Source data:
....

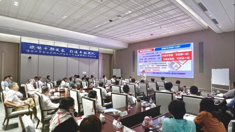 為貫徹公司“十四五”全業(yè)務(wù)鏈人才培養(yǎng)發(fā)展規(guī)劃,全面加強人才隊伍建設(shè),把“人才強企”落到實處,幫助中層管理者樹立良好的角色認知與定位,提高領(lǐng)導(dǎo)力水平,外貿(mào)公司于7月22-23日組織開展了“賦能干部成長 打造卓越團隊”海企外貿(mào)全業(yè)務(wù)鏈人才培養(yǎng)之中高層管理人員培訓(xùn)班,公司領(lǐng)導(dǎo)班子成員、二級部經(jīng)理助理以上中高層管理人員共40余人參加培訓(xùn)。
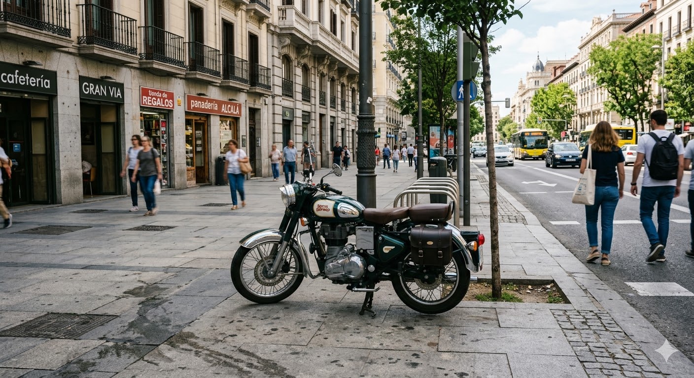Aunque la norma general de tráfico prohíbe estacionar en aceras, paseos y zonas peatonales, los ayuntamientos pueden abrir una excepción para las motos, y Madrid lo hace… con letra pequeña. La Ordenanza de Movilidad del Ayuntamiento permite que las motocicletas y ciclomotores aparquen en la acera solo cuando se respetan unas condiciones muy claras pensadas para que el peatón no tenga que hacer off-road urbano.
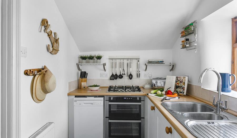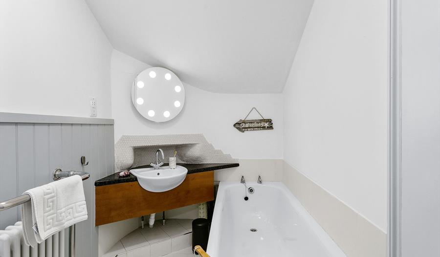 On the ground floor you’ll find an inviting sitting room with ample plush seating, a TV and wood-burning stove. Also on this floor there’s a lovely kitchen which overlooks the courtyard, a family bathroom, and a generous separate dining area with fireplace and space for six guests. The cottage’s three bedrooms are upstairs and include a spacious master with king size bed, a second king (configured to twins on request), and a small double. All are bright and airy with comfy beds and crisp linen.
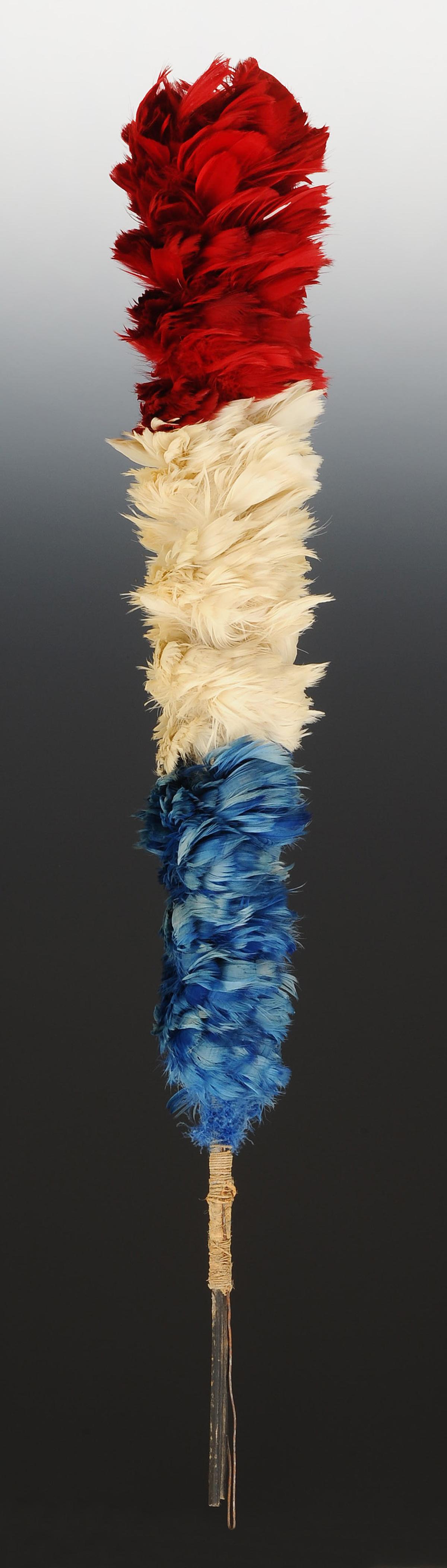 Plumet en plumes de coq tricolores montées sur baleine renforcée d'une tige métallique.
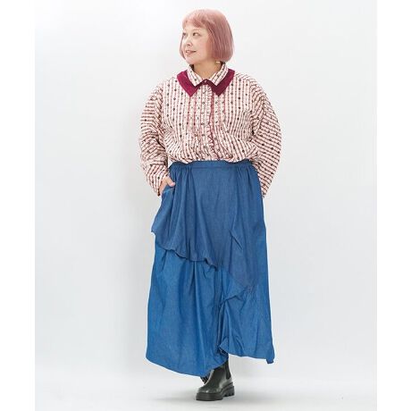 2色のデニムを贅沢に使い、切替とタックで立体感を生み出した存在感たっぷりのスカートです。
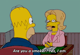 Are you a smoker? Yes, I am. You don't smoke! (SHUSHING) I want her to think I'm cool!
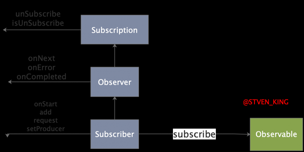 Observable 和 Subscriber 通过 subscribe() 方法实现订阅关系,从而 Observable 可以在需要的时候发出事件来通知 Subscriber 。

....

== AIM OF THE TASK ==
Reproduce the span beginning at the line with "Are you a smoker?" and ending at the last line of the entries above, inclusive, exactly as it stands. Exclude the pictures.

== RESPONSE TO THIS TASK ==
 Are you a smoker? Yes, I am. You don't smoke! (SHUSHING) I want her to think I'm cool!
 Observable 和 Subscriber 通过 subscribe() 方法实现订阅关系,从而 Observable 可以在需要的时候发出事件来通知 Subscriber 。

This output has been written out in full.